[Recorded data]
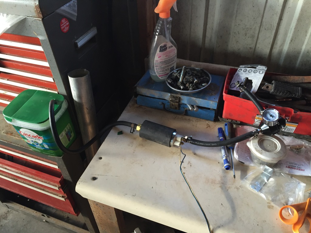 I ran a line to the engine and started it. It took a bit of cranking but eventually it started and ran for about 10 seconds around 1800rpm. So atleast everything seems good with that.
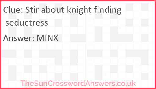 Stir about knight finding seductress is a crossword clue for which we have 1 possible answer and we have spotted 2 times in our database. This crossword clue was last seen on 20 February 2023 in The Sun Cryptic Crossword puzzle!
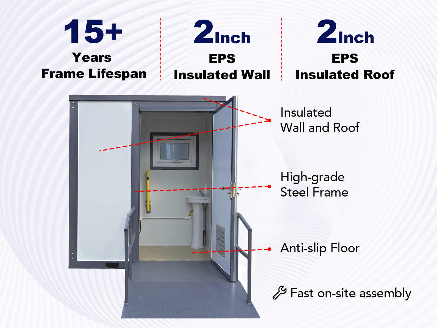 - If used on a construction site, we recommend you connect toilets to the sanitary sewer system and connect water to the pipe system. If not, you may need tanks outside the structure for waste.
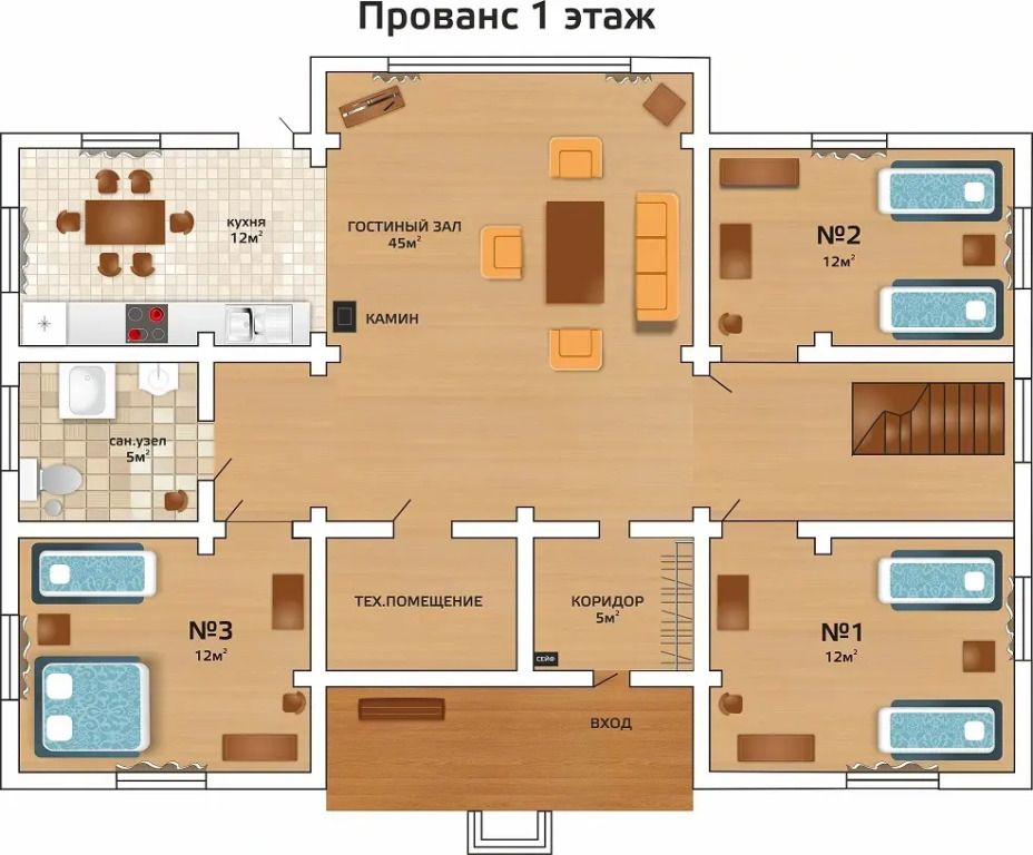Коттедж 11-местный 2-этажный коттедж Прованс
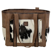 The Cowhide Trinity Tote is made from hand selected hair on hide with genuine full grain leather accents.
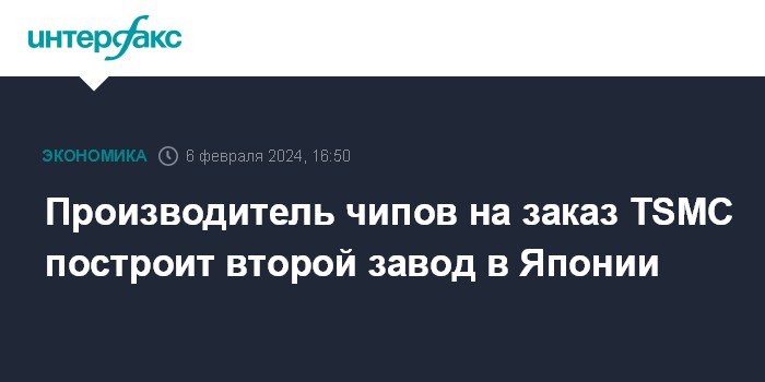 Москва. 6 февраля. INTERFAX.RU - Ведущий мировой производитель чипов на заказ Taiwan Semiconductor Manufacturing Company (SPB: TSM) (TSMC) при поддержке Sony, Denso и Toyota построит свой второй завод в Японии, говорится в пресс-релизе TSMC.
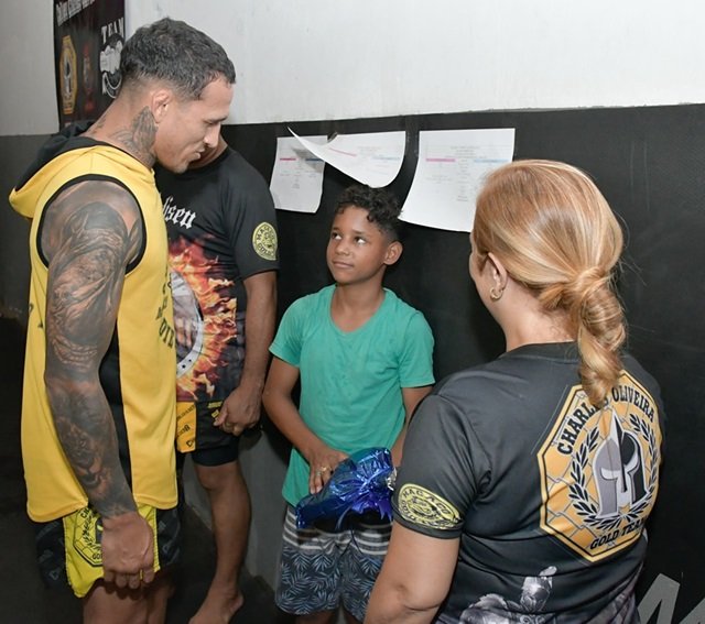 O super campeão e recordista de finalizações do MMA, Charles do Bronxs que já está em Aquidauana para participar da 2ª edição do “Coliseu Combat Aquidauana”, realizou o sonho do garoto Tales Felipe Silva Santos, 13 anos.
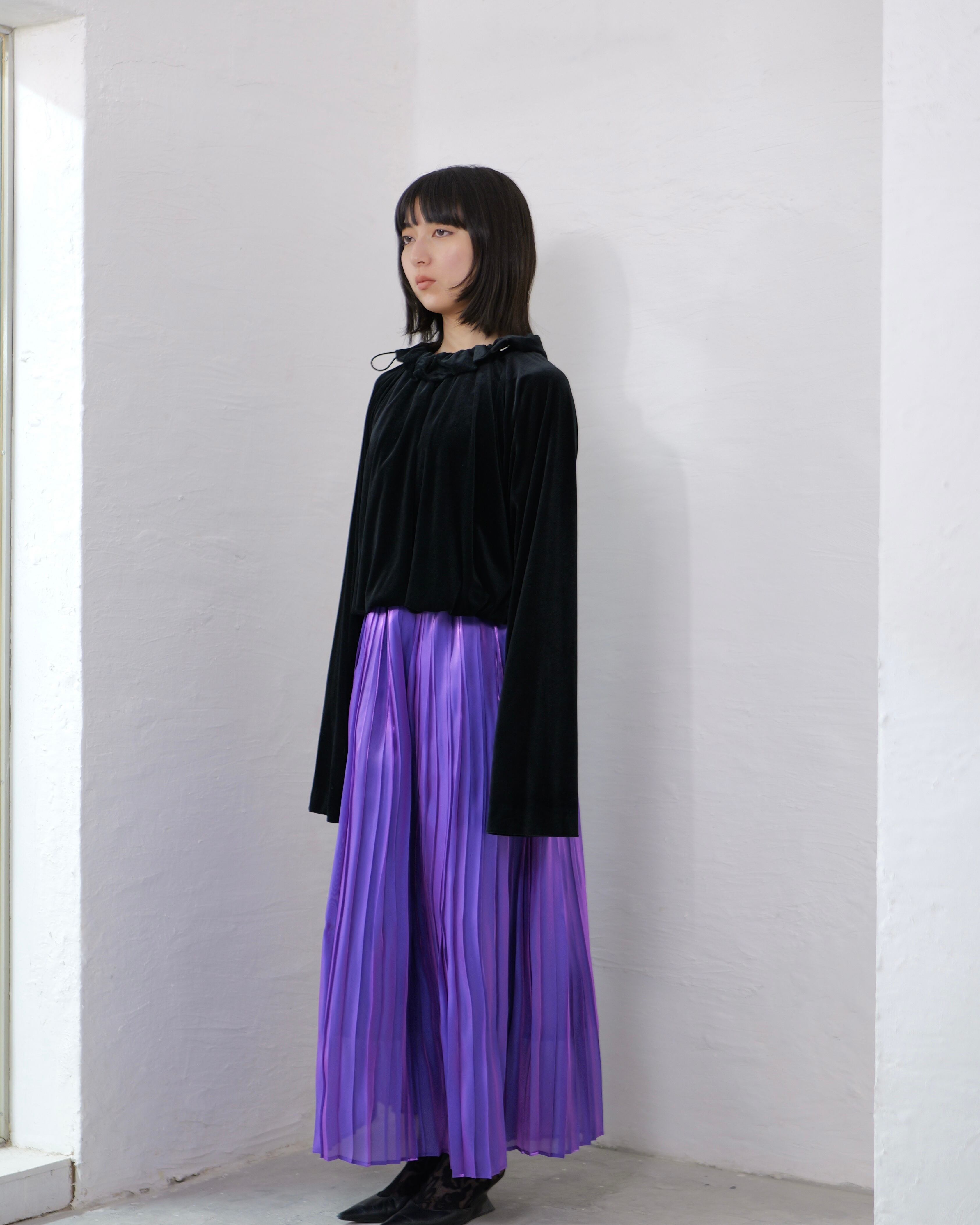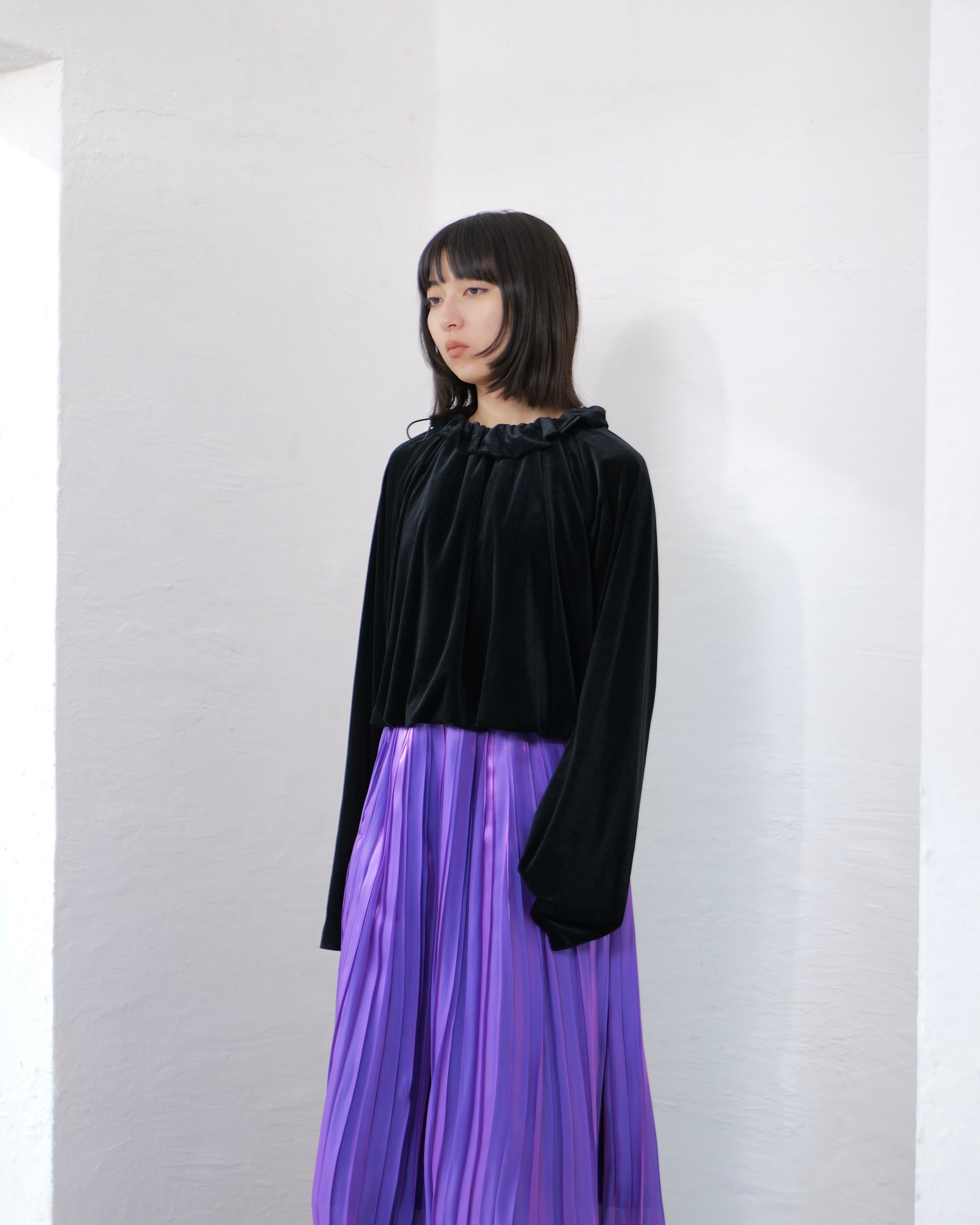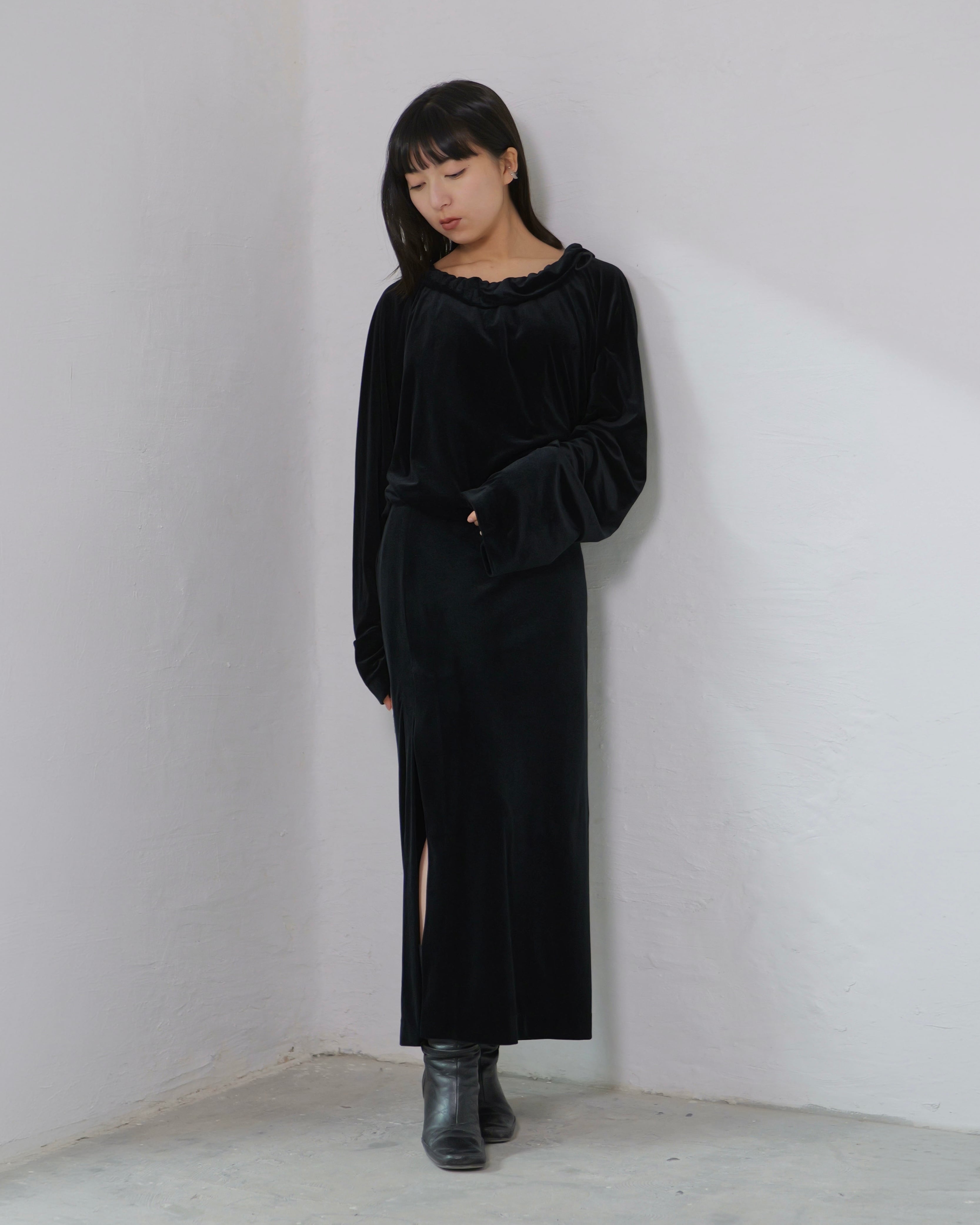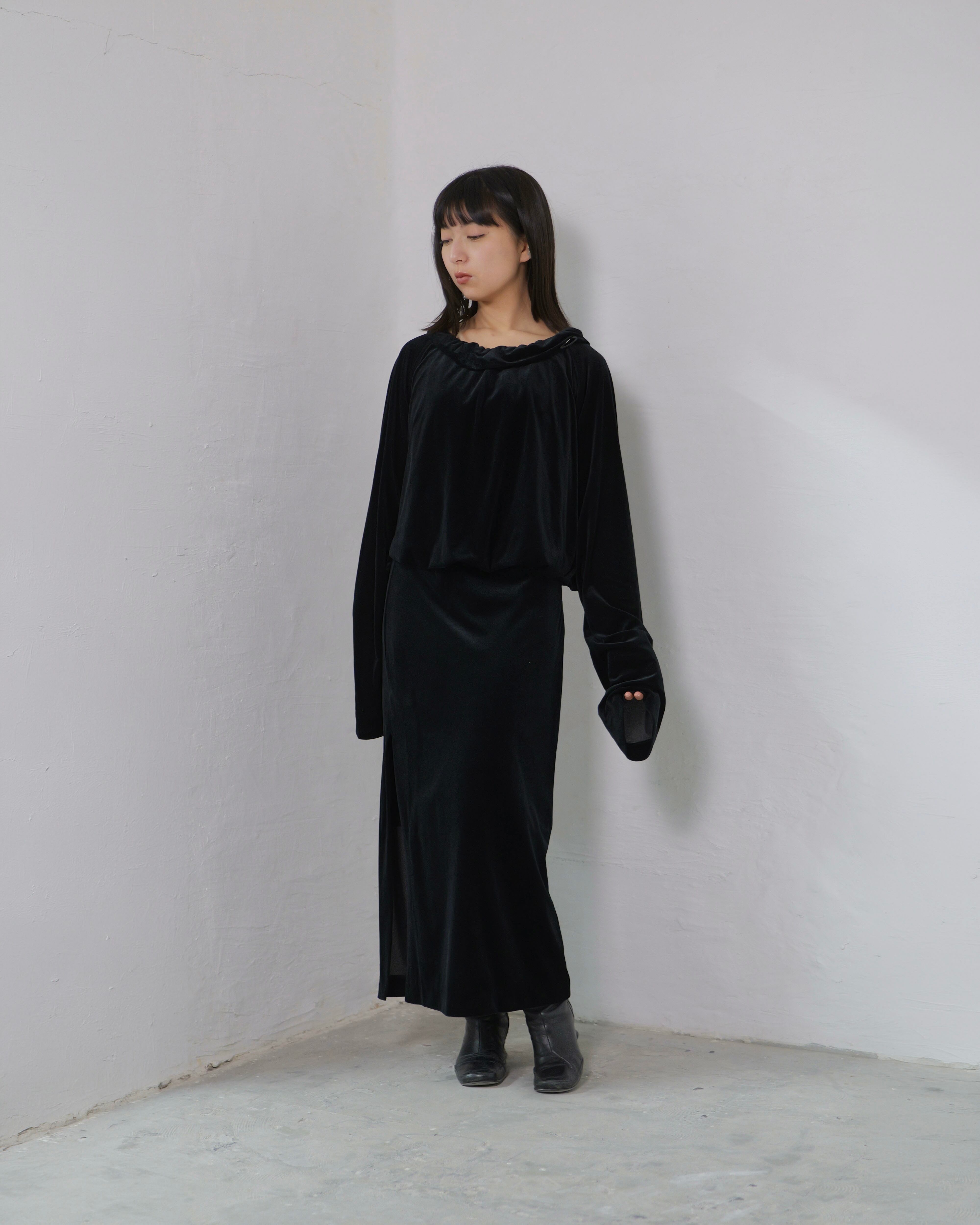 RITSUKO KARITA - Sheer Velour Gather Tops〔plain〕 :Black|透けベロア/ネックギャザー

What you have to do: Faithful copy, images left out: write out every line of data.

The completed task:
 I ran a line to the engine and started it. It took a bit of cranking but eventually it started and ran for about 10 seconds around 1800rpm. So atleast everything seems good with that.
 Stir about knight finding seductress is a crossword clue for which we have 1 possible answer and we have spotted 2 times in our database. This crossword clue was last seen on 20 February 2023 in The Sun Cryptic Crossword puzzle!
 - If used on a construction site, we recommend you connect toilets to the sanitary sewer system and connect water to the pipe system. If not, you may need tanks outside the structure for waste.
Коттедж 11-местный 2-этажный коттедж Прованс
 The Cowhide Trinity Tote is made from hand selected hair on hide with genuine full grain leather accents.
 Москва. 6 февраля. INTERFAX.RU - Ведущий мировой производитель чипов на заказ Taiwan Semiconductor Manufacturing Company (SPB: TSM) (TSMC) при поддержке Sony, Denso и Toyota построит свой второй завод в Японии, говорится в пресс-релизе TSMC.
 O super campeão e recordista de finalizações do MMA, Charles do Bronxs que já está em Aquidauana para participar da 2ª edição do “Coliseu Combat Aquidauana”, realizou o sonho do garoto Tales Felipe Silva Santos, 13 anos.
 RITSUKO KARITA - Sheer Velour Gather Tops〔plain〕 :Black|透けベロア/ネックギャザー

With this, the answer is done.